I see each project and its participants, the artists, mentors, audiences, and producers, as a single community. Each person involved, no matter their role, contributes to this community in some way and so it is crucial I respond to and respect each ‘collaborator’. Perhaps most importantly, this mindset centres the social connection we have and places value in each individual person rather than their skillset.
There is a question of representation in my work. Whilst I seek to shed light on transnational Chinese experience and to serve a community, I must acknowledge my own privilege and the issues of representing anything more than myself. Instead, I am interested in the idea of ‘re-presenting’ transnational Chinese experience, particularly in contrast to the monolithic portrayals in the media.
In the words of Rana Mitter, “China is a plural noun”. With such a large population living across the globe, speaking hundreds of Chinese languages and dialects, and including an overwhelmingly rich history, Chinese identity and experience is anything but homogenous. Working with this understanding, collaboration is crucial to my practice. I am interested in the nurturing collective identity through the creation and/or curation of projects that are actively shaped by several people.

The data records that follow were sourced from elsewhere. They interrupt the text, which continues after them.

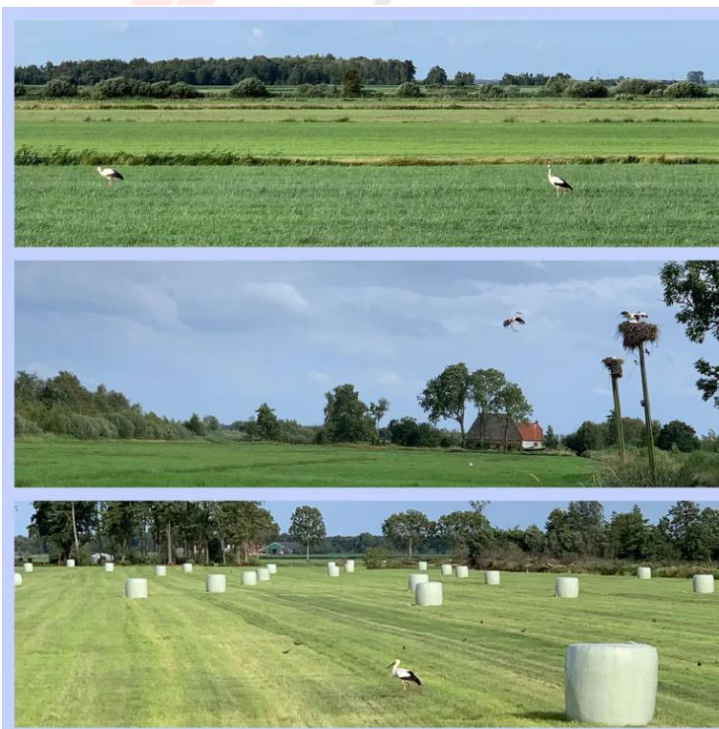
Buurtooievaars Rottige Meente 16-07-2023

Het is zover. Deze week sluiten we het Beleef de Lente broedseizoen van de ooievaars af. Het nest is abrupt verlaten. Maar in de Rottige Meente zijn nog volop nesten met jongen te zien die binnenkort uitvliegen en in groepen vertrekken. Daarna verstilt ook langzaam het geklepper van de ouders.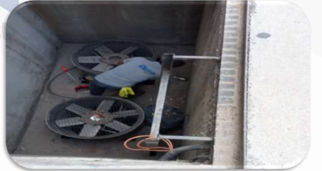
Havalandırma sistemi aksiyel fanların temizliđi gerekleřtirilmiřtir.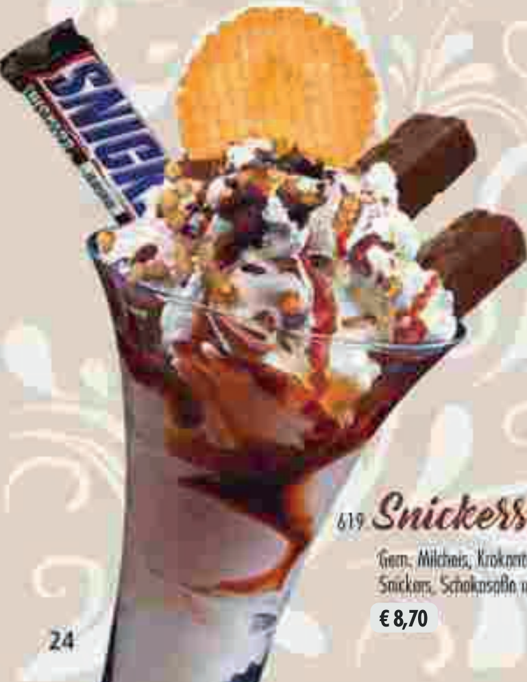
619 Snickers Becher Gem. Milchis, Krokantausel, Snickers, Schokosofie und Sahne € 8,70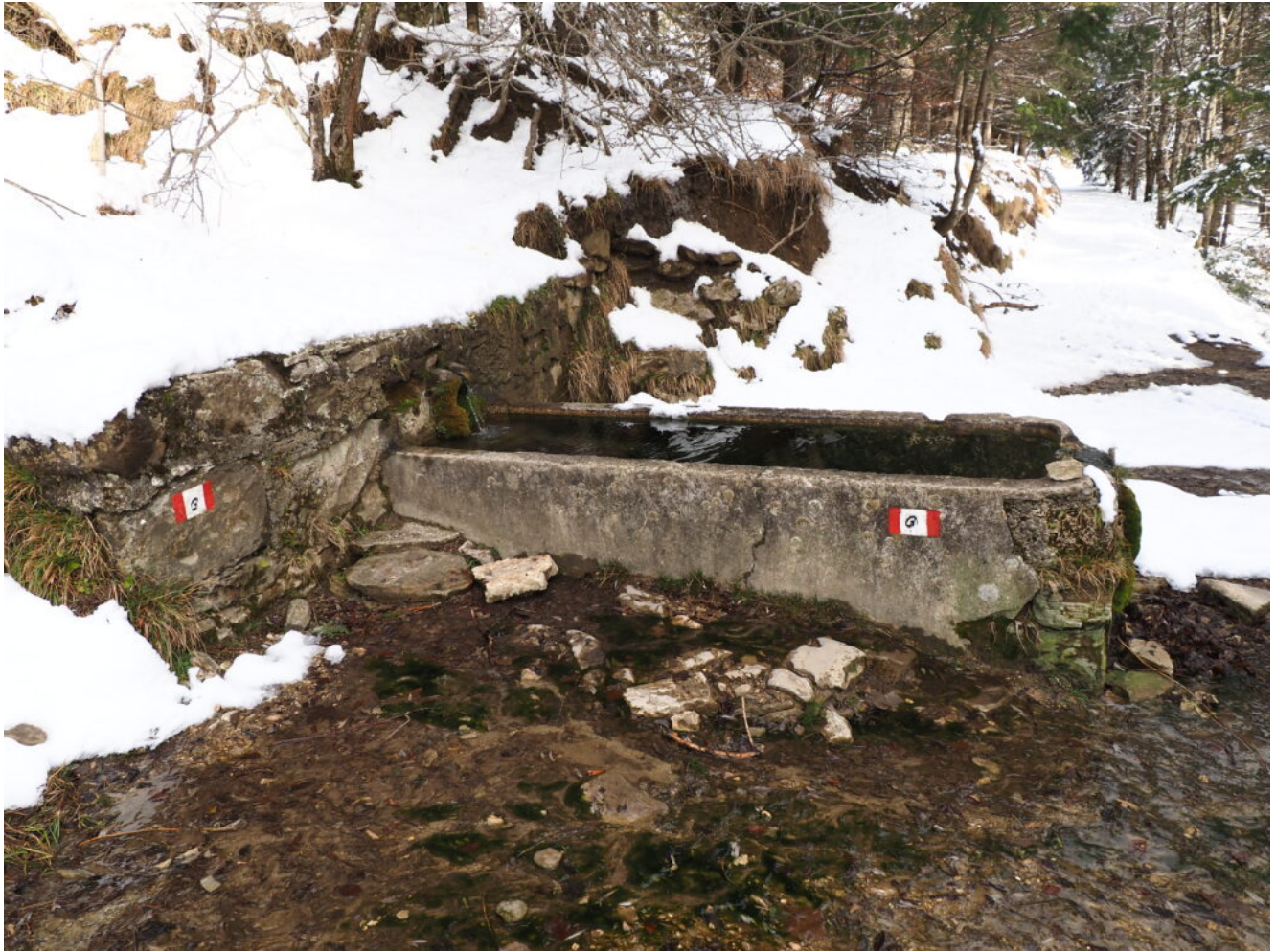
3- La Fonte Santa, poco prima della chiesa.

In this way, our relationships as collaborators or community members, especially by focusing on the threads of misalignment and disagreement, embraces the nature of social connections that makes the exploration of identity itself so rich and fascinating.
The seed of Tangram itself came out of a collaboration with the brilliant Reylon Yount on a work for solo yangqin. By sharing and discussing what it meant to each of us to create a piece of contemporary classical music for the yangqin at the time, we undertook together a journey of self-discovery that ultimately shaped the core elements of the music. Indeed, the reflection on our unique yet aligned experiences, all the while stimulated by several trips to Chinatown and badminton sessions, was undoubtedly more meaningful than any piece I had composed during the four years of my education. The generative quality of this collaboration was extremely inspiring and allowed me to glimpse the vitality of communal music-making.